No shipping and handling required
By By Leada Gore, Editor
Let’s say it’s 4 a.m. and you can’t sleep. Looking for a distraction, you turn on the television and flip through the channels. In between the old movies and shop-at-home channels you will find an array of infomercials.
These loud, brightly colored 30 minute commercials are designed to sell all sorts of products. There are choppers and cookers, blankets and razors, exercise equipment and home cleaning products.
There are certain things you can count on when you see these commercials.
The product will be made to appear wonderful, even life-changing. A quick view leaves you wondering how you ever lived without a chopper you could use with one hand or a glass bulb that will water your plants when you’re away.
Another trend in these commercials is a loud spokesperson who hawks the products through an array of demonstrations.
Need to soak up the Nile River? The demonstrator has a towel for that.
Have wrinkles around your eyes? Let the announcer show you how putting electrodes on your temples will make them disappear.
Need flatter abs, a better tush or more-defined calves? The tanned and toned spokesperson will show you how to achieve each with just 10 minutes a day thanks to the handy, dandy Muscle-O-Nator.
You can also count on all the items being sold for the “low, low price of $19.99.” Usually, this “low, low” price includes a variety of free items, such as two Muscle-O-Nators for the price of one.
In addition to the $19.99 you can also count on paying extra shipping and handling. The shipping makes some sense, as in I’m sure it does cost something to mail these products.
The handling is another matter. What exactly encompassed handling and who determines what it costs? How much could it cost to take a pet groomer out of the warehouse and put it in a box? Are we talking $20 or $200?

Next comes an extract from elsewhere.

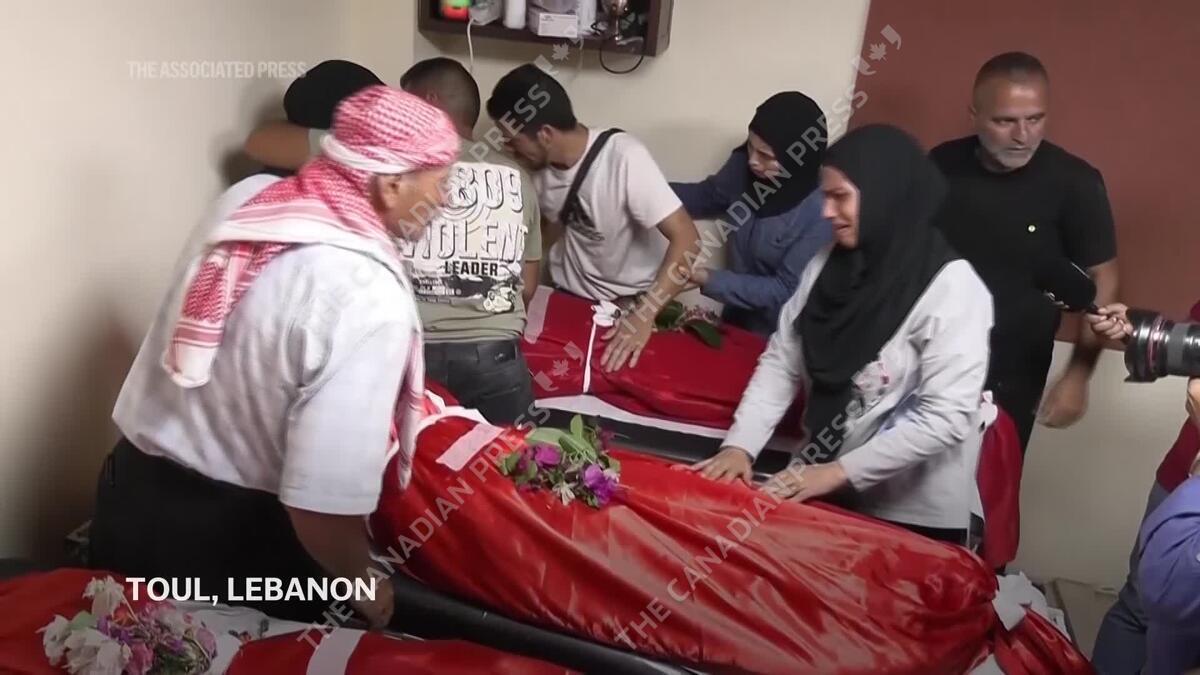 Relatives weep as Israeli strike in southern Lebanon kills several, including woman and her children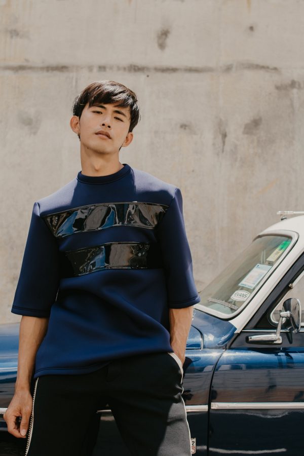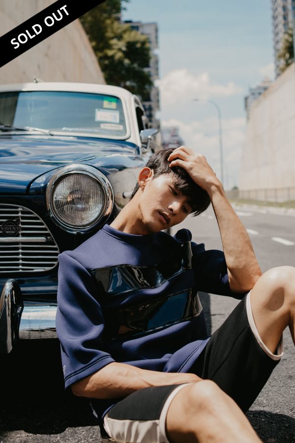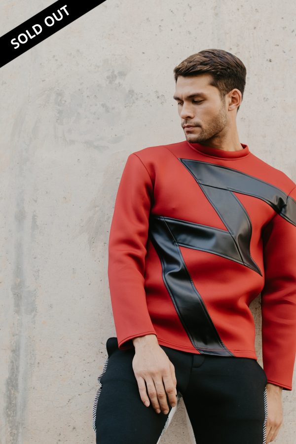 Black Leather Cross-Over Stripe Jumper (Midnight Blue)

By the time you pay the shipping and handling, your $19.99 product will end up costing you somewhere around $50, a price that seems pretty steep for a blanket that wraps around your arms.
The combination of the amazing demonstrations, hard-selling announcers and low, low price makes each of the items almost impossible to leave on the shelf.
Before you know it, you’ve bought $500 worth of potato choppers, pet hair vacuums and Chia pets that look like the president…all because you just couldn’t sleep.